With Intel’s introduction this month of its new Intel Core i7-2715QE next-generation quad-core processor, the design of x86-based embedded military digital signal processing (DSP) systems takes a great leap forward. The new processor, which is faster and more power efficient than its previous generation, also features the new 256-bit wide Intel Advanced Vector Extensions (AVX) floating-point instructions (Figure 1). DSP algorithms rely heavily on the throughput of vector instructions and so will benefit greatly. Before the introduction of Intel AVX, vectorized signal processing functions have been limited to 128 bits. 

Of equal interest to signal processing system designers is the fact that with this platform, Serial RapidIO (S-RIO), the preferred fabric for the types of processor-to-processor communications required by demanding DSP systems, is now for the first time, supported, thanks to IDT’s upcoming PCIe Gen2 to S-RIO Gen2 protocol conversion bridging semiconductor products.
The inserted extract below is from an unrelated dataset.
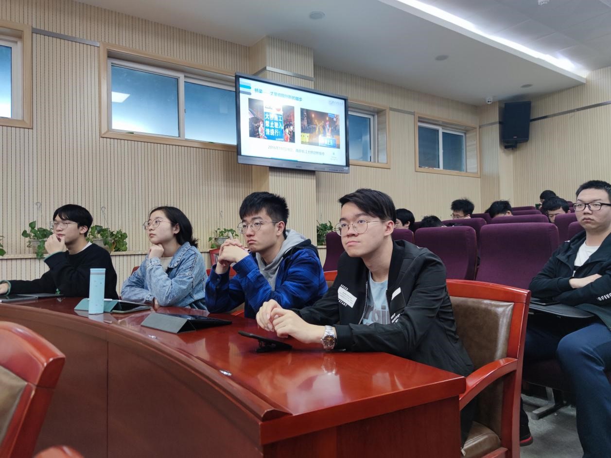 青年宣讲团讲师李明达同学以《桥梁——丈量祖国创新的脚步》为题进行宣讲。李明达以南京长江大桥为切入点,从桥梁总工程师梅旸春先生的民族精神、桥梁背后的科技创新等具体视角深入浅出地讲述了南京长江大桥重大的经济意义、政治意义和战略意义。南京长江大桥是长江上第一座由中国自行设计和建造的双层式铁路、公路两用桥梁,是中国桥梁史和世界桥梁史上的一座里程碑,是中国经济建设的重要成就,有“争气桥”之称。

This brings S-RIO, the fabric of choice, well supported by the OpenVPX/VITA 65 standard, to Intel-based open architecture system designs.

Now the latest x86 processor can be used in a RapidIO-based network, supporting reliable packet transmission, any architecture, while also delivering low and predictable latencies and providing the benefits of RapidIO messaging, which are ideal for large peer to peer clusters of processors used in complex signal processing applications.

The DSP Sweet Spot

For embedded DSP designers, Intel’s most recent micro-architecture (code named micro-architecture Sandy Bridge) further establishes the x86 architecture as the leading candidate for the most demanding compute intensive multiprocessor systems. The Intel quad-core processor boasts numerous micro-architecture enhancements and design features over Intel’s previous processors. For example, the new processor is faster at the same clock speeds as earlier processors, because of its more sophisticated caching and branch prediction. This platform also delivers quad-core processing with power levels that match the stringent requirements of rugged embedded military environments: 4 cores at 45W.

But the single greatest improvement for DSP system performance delivered by Intel’s latest platform is the new AVX processing unit. In recent years Intel has demonstrated its ongoing commitment to high-performance vectorized processing by investing in continual enhancements to AVX’s predecessor, Intel Streaming SIMD Extensions (Intel  SSE), a 128-bit wide processing unit capable of simultaneously operating on four 32-bit floating-point values. Intel SSE also featured support for double-precision floating point, a feature that was not available in AltiVec. In Intel’s multicore processors each core was given its own SSE unit, so the raw floating-point performance scaled with the number of cores. In the new platform Intel has upgraded the SSE approach with AVX, doubling the size to 256 bits wide.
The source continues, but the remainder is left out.